Anasuya and Priyamvada enter, talking about how well Shakuntala’s secret marriage is working out. But Anasuya worries what will happen now that the King’s business at the ashram has concluded: “Who can say whether he’ll remember what’s happened in the forest?”
Shakuntala’s and Dusyanta’s marriage is going well, but the King has been called back to his duties in the capital. Though Anasuya speaks metaphorically of the distractions of the city, her remark also foreshadows the literal forgetting to come.
They hear a visitor announcing himself. It’s Durvasas, a short-tempered sage. They hear him pronouncing a curse: “That man, though prompted, / Shall not remember you at all, / Like a drunken sot, who cannot recall / What he said in his cups the night before.” The girls realize that Shakuntala has, disastrously, failed to welcome Durvasas with the formality he expects. Priyamvada rushes to placate him, and Durvasas concedes that “the sight of a memento can lift the curse.” The girls relax, recalling the ring Dusyanta has given Shakuntala.
Shakuntala grieves her separation from Dusyanta to the point that she neglects her duties at the ashram. Because hospitality is a sacred duty, failing to welcome an important guest would be considered a significant fault. However, the cranky Durvasas has an extreme reaction—placing a curse on Dusyanta, that he won’t remember Shakuntala when he sees her again. Remembering the signet ring Dusyanta gave her, the girls assume all will be well, but as the play goes on to reveal, such curses can have consequences that range far beyond the simple human circumstances in which they originated.

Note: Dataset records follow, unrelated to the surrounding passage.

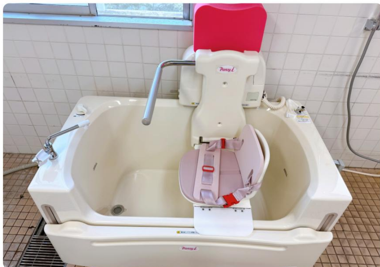
パーソナルケア浴槽 パンジーi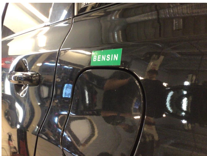
1.3 Ripe(r) - pensles med lakkstift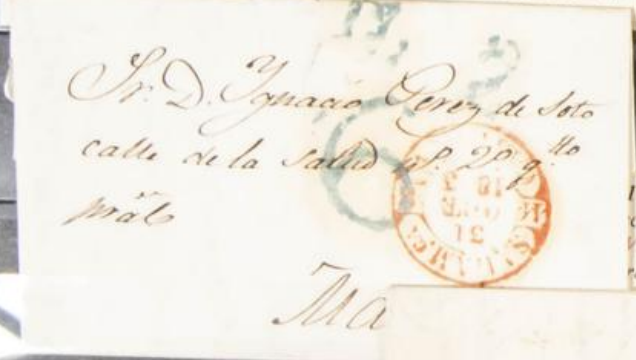
1843. Carta circulada de Salamanca a Madrid. fechador de 1842, TIPO I, SALAM. CS - 31 OCT. 1843. Porteo 6 cuartos en cuño fechador de Madrid, para la carta de peso de menos de 6 adarmes en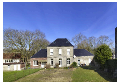
Façade postérieure. IVR22_20158000089NUC2A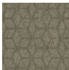
Enriched Wisdom 77330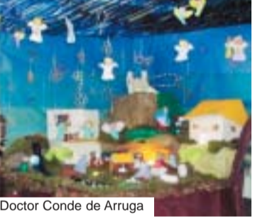
Doctor Conde de Arruga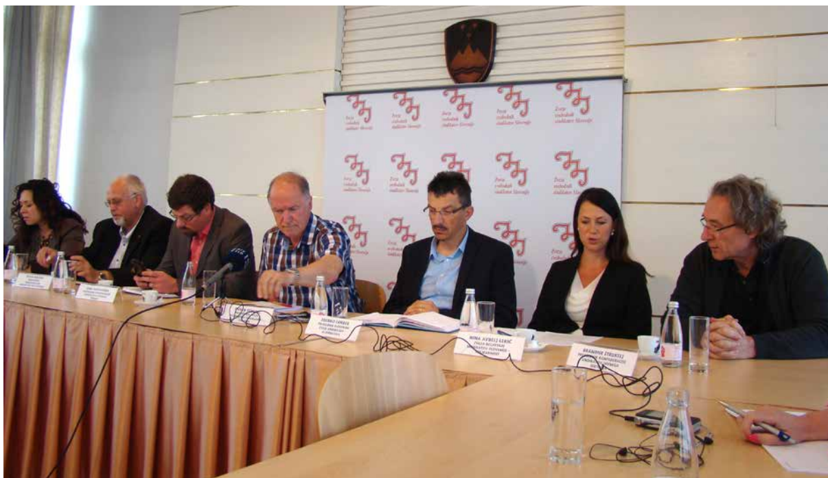
Predsedniki sindikalnih central so odnos do perečih vprašanj večkrat izrazili na novinarskih konferencah

Za informiranje članov uporabljamo tudi družbena omrežja; na Facebooku nam sledi 1800 ljudi, novice objavljamo dnevno, isto na Twitterju, kjer nam sledi 650 ljudi, kar je za slovenske razmere kar lepa številka.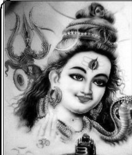
எதையும் முன்விட்டு நடத்தும் திறமைசாலிகளான இடப இராசி வாசகர்களே!

புரட்டாதி மாதக்கிரக நிலைகளை ஆராய்ந்து பார்க்கும் பொழுது, உங்கள் இராசிநாதன் சுக்கிரன் 6 ஆம் இடத்தில் தன் சொந்த வீடானதுலாம் இராசியில் இருக்கின்றார். இராசியிலேயே ராகுவும், சப்தம ஸ்தானத்தில் கேதுவும் சஞ்சரிக்கின்றார்கள். ஜென்மத்தில் ராகு இருப்பதால் பொருளாதாரத்தில் நிறைவு ஏற்படும். சுக்கிர பலமும் நன்றாக இருப்பதால் தொடர் காரியங்களில் வெற்றி கிடைக்கும்.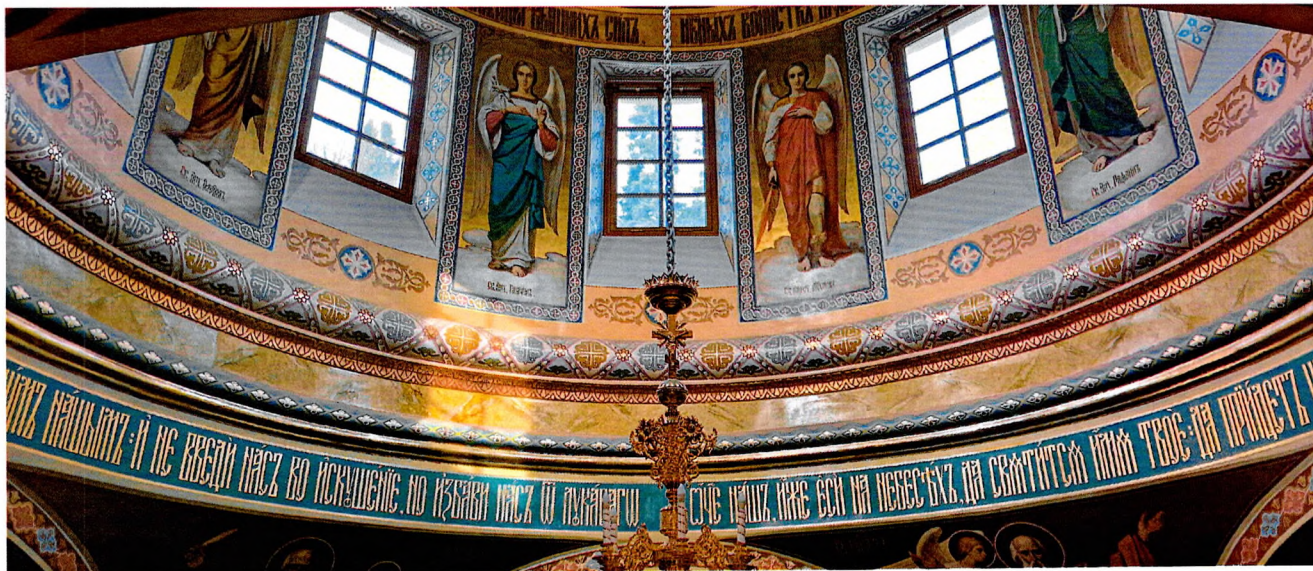
Фото 6. Вид на подкупольное пространство.

Shakuntala is full of grief in Dusyanta’s absence. Anasuya frets about the King’s failure to even send a letter, worrying that he’s faithless after all, or has been affected by Durvasas’s curse. She also fears how Kanva will react now that Shakuntala is carrying Dusyanta’s child.

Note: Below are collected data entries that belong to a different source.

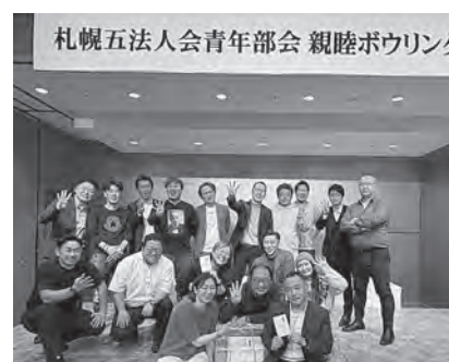
青年部会: 札幌5法人会ボウリング大会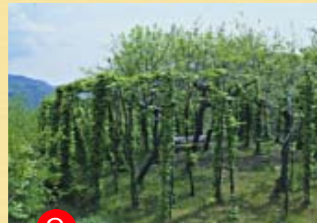
2 Roccol dal “Spizzo”

vissuta dal montanaro in simbiosi con l’ambiente circostante, anch’egli in gabbia per secoli. Una gabbia più grande, ma pur sempre gabbia; non sembra una contraddizione o una falsità che potesse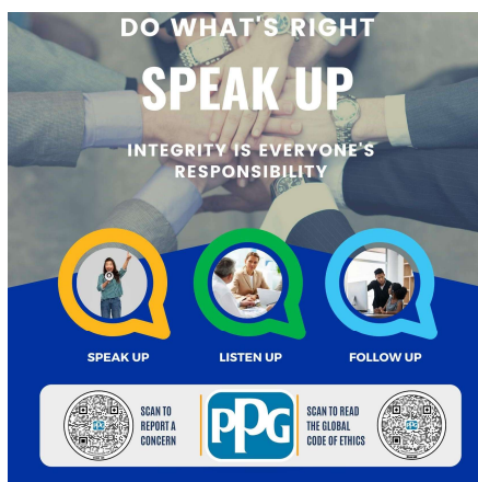
Afișul Speak asistență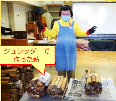
シュレッダーで作った薪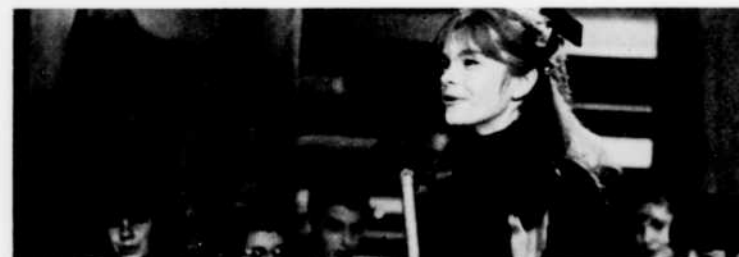
Geneviève Bujold anime l'émission du mardi de "Jeunesse oblige", à 6 heures.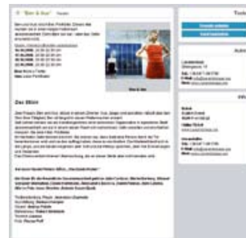
Evento / Veranstaltung

Separation from the King causes all sorts of worries, especially now that Shakuntala is pregnant with his child. Even for such a happy couple, the threats of supernatural intervention and human secrecy are ever-present.

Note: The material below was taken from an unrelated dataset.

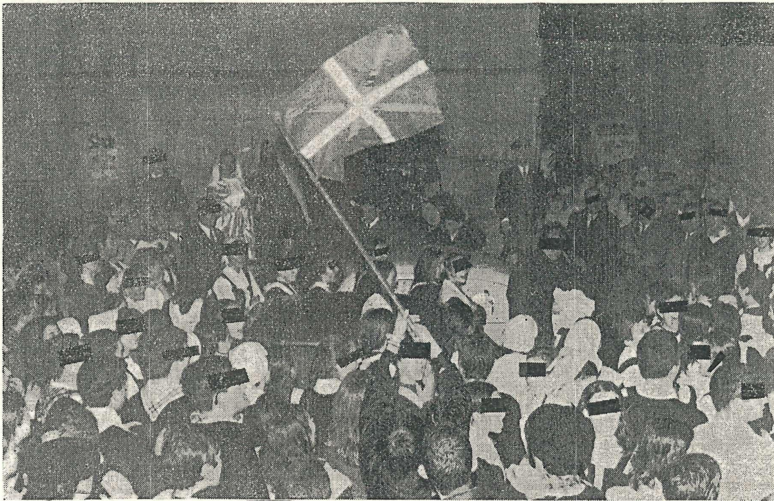
Donosti: Día de Gabón 1967, la juventud se manifiesta.

Suddenly Priyamvada appears, delighted—they are to celebrate Shakuntala’s departure as a bride. It turns out that Kanva, while making a sacrifice, heard a voice chanting the news: “For the world’s welfare your daughter / Bears the lustrous seed of King Dusyanta.” Kanva is happily sending her to her husband with an escort of seers.
The girls’ concerns about Kanva’s reaction to Shakuntala’s marriage and pregnancy were unfounded, it turns out. Kanva is happy to learn that his foster daughter carries a royal child, and he’s ready to reunite husband and wife with due honor. At this point, it seems that duty and love will become one for Shakuntala, though it will actually turn out to be some time before they are fully united.
Priyamvada, Anasuya, and the other hermit women shower Shakuntala with blessings. They also adorn her with ornaments which the forest trees have miraculously provided: “It was a tree itself spun this moon-white cloth / […] And gods of the trees that conjured these jewels, / Hands sprouting from branches like fresh green shoots.” Priyamvada takes this as a sign of the royal fortune awaiting Shakuntala.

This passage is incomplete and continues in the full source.